*PROBLEM TO SOLVE*
Each line of the data below from the one holding "Спрей для защиты" to the one holding "ここまではペアーズの登録方法", inclusive, is to be reproduced exactly; no other line belongs in the answer.

*DATA EXTRACT*
►
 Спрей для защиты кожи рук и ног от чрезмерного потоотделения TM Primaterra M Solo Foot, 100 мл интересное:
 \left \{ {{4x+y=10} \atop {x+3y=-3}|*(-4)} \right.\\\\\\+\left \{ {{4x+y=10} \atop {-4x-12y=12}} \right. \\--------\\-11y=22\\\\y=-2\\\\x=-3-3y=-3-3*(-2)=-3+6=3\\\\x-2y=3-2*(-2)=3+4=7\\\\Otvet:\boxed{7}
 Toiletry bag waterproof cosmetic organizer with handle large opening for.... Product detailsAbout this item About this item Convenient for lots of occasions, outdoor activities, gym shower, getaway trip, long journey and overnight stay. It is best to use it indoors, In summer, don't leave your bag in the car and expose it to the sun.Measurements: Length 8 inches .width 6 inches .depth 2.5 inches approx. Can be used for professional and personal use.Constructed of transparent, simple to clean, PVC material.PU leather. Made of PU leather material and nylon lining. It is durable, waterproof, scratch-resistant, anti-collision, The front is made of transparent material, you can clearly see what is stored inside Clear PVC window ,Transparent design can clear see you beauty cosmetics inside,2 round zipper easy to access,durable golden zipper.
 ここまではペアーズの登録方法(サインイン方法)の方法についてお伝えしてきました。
◄
►
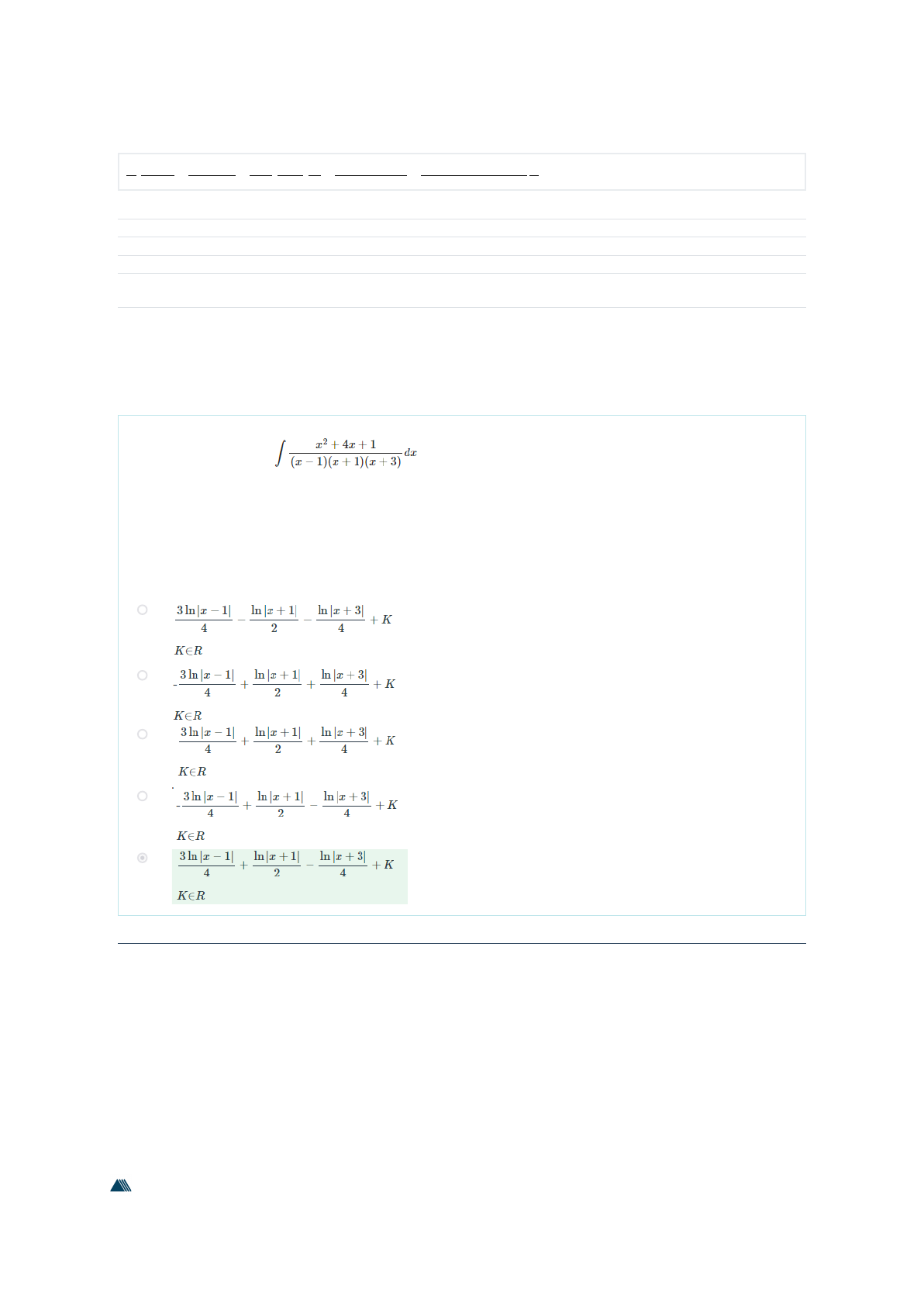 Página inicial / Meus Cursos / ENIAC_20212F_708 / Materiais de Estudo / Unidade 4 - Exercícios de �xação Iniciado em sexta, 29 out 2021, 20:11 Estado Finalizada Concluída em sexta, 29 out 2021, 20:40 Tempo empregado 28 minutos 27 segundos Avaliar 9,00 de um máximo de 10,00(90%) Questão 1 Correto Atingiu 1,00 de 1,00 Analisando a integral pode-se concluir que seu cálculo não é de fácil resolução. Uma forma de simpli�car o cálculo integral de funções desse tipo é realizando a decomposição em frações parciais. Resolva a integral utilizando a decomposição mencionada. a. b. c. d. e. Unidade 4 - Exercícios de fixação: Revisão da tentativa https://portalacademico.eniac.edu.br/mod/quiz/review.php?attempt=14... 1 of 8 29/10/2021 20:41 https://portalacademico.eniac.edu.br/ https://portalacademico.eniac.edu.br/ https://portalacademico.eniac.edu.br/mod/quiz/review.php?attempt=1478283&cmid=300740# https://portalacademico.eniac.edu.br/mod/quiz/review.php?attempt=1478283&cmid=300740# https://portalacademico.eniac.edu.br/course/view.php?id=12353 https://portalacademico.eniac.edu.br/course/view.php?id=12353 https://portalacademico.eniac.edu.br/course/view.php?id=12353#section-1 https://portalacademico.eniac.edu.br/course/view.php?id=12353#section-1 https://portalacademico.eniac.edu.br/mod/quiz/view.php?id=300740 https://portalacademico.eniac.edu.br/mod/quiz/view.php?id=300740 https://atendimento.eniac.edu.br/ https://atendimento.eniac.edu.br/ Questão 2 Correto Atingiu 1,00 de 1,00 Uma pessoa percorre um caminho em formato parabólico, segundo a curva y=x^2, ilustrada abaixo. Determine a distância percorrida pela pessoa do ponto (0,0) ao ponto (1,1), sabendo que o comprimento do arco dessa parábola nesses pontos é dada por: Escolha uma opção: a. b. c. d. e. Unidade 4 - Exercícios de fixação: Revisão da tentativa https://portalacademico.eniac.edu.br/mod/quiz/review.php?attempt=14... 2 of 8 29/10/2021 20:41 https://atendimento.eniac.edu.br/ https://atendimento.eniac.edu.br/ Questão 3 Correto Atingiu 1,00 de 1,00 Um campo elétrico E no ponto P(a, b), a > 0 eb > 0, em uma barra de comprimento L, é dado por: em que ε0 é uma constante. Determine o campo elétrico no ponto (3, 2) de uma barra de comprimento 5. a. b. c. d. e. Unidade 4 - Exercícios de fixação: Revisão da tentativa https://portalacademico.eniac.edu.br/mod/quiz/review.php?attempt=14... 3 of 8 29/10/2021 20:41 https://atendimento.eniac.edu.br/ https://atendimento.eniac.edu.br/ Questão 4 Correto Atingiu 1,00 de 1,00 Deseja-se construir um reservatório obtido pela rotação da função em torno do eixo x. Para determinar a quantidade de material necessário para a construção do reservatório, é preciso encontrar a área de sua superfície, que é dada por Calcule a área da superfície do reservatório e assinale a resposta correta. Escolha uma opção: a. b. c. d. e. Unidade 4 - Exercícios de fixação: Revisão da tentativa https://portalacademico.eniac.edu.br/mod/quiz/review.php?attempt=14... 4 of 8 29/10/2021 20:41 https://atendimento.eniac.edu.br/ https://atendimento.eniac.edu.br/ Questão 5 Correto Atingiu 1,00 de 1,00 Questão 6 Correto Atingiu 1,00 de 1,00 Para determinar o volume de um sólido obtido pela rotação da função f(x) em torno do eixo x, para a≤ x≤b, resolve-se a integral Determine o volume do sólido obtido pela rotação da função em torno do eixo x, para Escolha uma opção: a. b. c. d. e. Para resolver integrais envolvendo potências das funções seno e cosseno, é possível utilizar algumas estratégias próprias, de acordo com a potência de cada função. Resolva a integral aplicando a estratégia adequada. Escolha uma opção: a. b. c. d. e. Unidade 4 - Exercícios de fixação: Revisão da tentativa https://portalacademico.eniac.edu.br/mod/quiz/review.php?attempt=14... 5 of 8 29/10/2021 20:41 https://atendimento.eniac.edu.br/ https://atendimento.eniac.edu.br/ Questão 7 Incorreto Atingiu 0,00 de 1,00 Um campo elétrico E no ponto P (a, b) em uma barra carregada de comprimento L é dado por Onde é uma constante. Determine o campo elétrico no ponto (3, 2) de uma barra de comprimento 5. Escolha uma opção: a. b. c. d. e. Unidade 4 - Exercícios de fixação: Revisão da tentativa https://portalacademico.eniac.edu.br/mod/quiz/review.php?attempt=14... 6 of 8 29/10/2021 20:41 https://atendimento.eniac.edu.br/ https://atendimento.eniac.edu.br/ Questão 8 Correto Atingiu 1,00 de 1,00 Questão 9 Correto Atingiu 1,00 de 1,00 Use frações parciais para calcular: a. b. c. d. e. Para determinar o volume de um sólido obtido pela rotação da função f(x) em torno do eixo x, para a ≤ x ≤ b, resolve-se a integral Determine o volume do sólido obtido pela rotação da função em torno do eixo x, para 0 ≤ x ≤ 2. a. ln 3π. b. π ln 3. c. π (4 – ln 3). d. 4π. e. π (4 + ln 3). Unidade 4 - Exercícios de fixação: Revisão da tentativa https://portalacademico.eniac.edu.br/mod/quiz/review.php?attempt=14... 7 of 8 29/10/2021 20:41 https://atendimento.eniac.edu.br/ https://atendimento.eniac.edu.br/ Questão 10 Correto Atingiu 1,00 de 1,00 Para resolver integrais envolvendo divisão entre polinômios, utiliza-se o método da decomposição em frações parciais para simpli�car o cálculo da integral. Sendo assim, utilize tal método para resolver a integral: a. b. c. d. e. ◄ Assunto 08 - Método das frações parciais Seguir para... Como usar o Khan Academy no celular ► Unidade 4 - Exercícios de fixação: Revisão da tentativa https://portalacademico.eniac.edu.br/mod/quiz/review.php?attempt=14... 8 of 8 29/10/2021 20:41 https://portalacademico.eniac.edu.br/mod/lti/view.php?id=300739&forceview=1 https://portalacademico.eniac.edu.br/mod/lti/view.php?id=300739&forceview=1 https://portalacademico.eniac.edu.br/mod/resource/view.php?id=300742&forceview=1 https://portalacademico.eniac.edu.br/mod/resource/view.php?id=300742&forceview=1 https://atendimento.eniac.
◄
*RESPONSE TO THE EXERCISE*
 Спрей для защиты кожи рук и ног от чрезмерного потоотделения TM Primaterra M Solo Foot, 100 мл интересное:
 \left \{ {{4x+y=10} \atop {x+3y=-3}|*(-4)} \right.\\\\\\+\left \{ {{4x+y=10} \atop {-4x-12y=12}} \right. \\--------\\-11y=22\\\\y=-2\\\\x=-3-3y=-3-3*(-2)=-3+6=3\\\\x-2y=3-2*(-2)=3+4=7\\\\Otvet:\boxed{7}
 Toiletry bag waterproof cosmetic organizer with handle large opening for.... Product detailsAbout this item About this item Convenient for lots of occasions, outdoor activities, gym shower, getaway trip, long journey and overnight stay. It is best to use it indoors, In summer, don't leave your bag in the car and expose it to the sun.Measurements: Length 8 inches .width 6 inches .depth 2.5 inches approx. Can be used for professional and personal use.Constructed of transparent, simple to clean, PVC material.PU leather. Made of PU leather material and nylon lining. It is durable, waterproof, scratch-resistant, anti-collision, The front is made of transparent material, you can clearly see what is stored inside Clear PVC window ,Transparent design can clear see you beauty cosmetics inside,2 round zipper easy to access,durable golden zipper.
 ここまではペアーズの登録方法(サインイン方法)の方法についてお伝えしてきました。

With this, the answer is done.